Corre, jadeando, por la orilla. A un
lado lo esperan los cielos de la gloria; al otro, los abismos de la
ruina.
El barrio lo envidia: el jugador
profesional se ha salvado de la fábrica o de la oficina, le pagan
por divertirse, se sacó la lotería. Y aunque tenga que sudar como
una regadera, sin derecho a cansarse ni a equivocarse, él sale en
los diarios y en la tele, las radios dicen su nombre, las mujeres
suspiran por él y los niños quieren imitarlo.
Pero él, que había empezado jugando
por el placer de jugar, en las calles de tierra de los suburbios,
ahora juega en los estadios por el deber de trabajar y tiene la
obligación de ganar o ganar.
Los empresarios lo compran, lo venden,
lo prestan; y él se deja llevar a cambio de la promesa de más fama
y más dinero. Cuanto más éxito tiene, y más dinero gana, más
preso está. Sometido a disciplina militar, sufre cada día el
castigo de los entrenamientos feroces y se somete a los bombardeos de
analgésicos y las infiltraciones de cortisona que olvidan el dolor y
mienten la salud. Y en las vísperas de los partidos importantes, lo
encierran en un campo de concentración donde cumple trabajos
forzados, come comidas bobas, se emborracha con agua y duerme solo.

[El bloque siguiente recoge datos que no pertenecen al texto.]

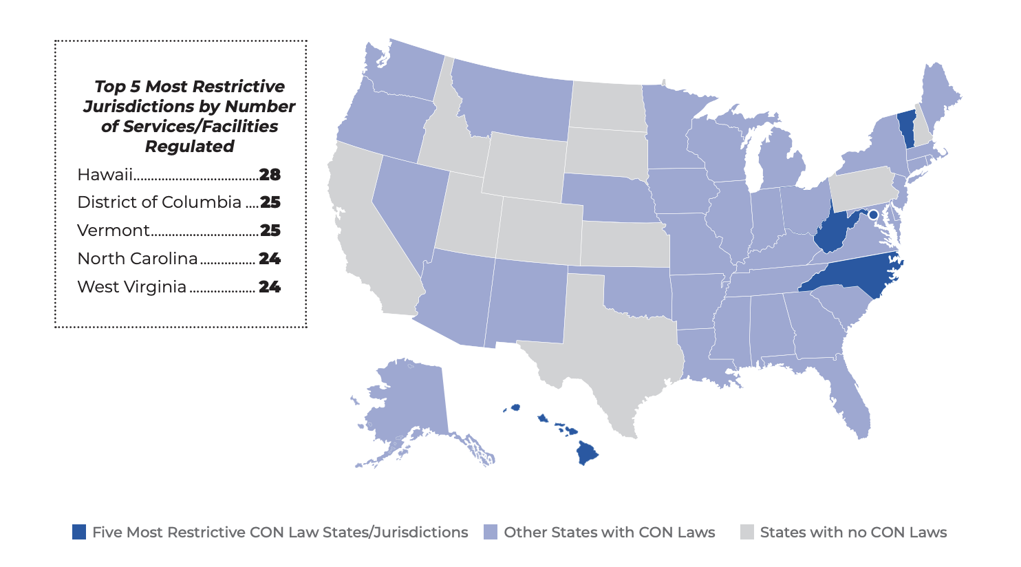 Jurisdictions With the Most Restrictive Certificate-of-Need Laws

En los otros oficios humanos, el ocaso
llega con la vejez, pero el jugador de fútbol puede ser viejo a los
treinta años. Los músculos se cansan temprano: -Éste no hace un
gol ni con la cancha en bajada.
-¿Éste? Ni aunque le aten las manos
al arquero.
O antes de los treinta, si un pelotazo
lo desmaya de mala manera, o la mala suerte le revienta un músculo,
o una patada le rompe un hueso de esos que no tienen arreglo. Y algún
mal día el jugador descubre que se ha jugado la vida a una sola
baraja y que el dinero se ha volado y la fama también. La fama,
señora fugaz, no le ha dejado ni una cartita de consuelo.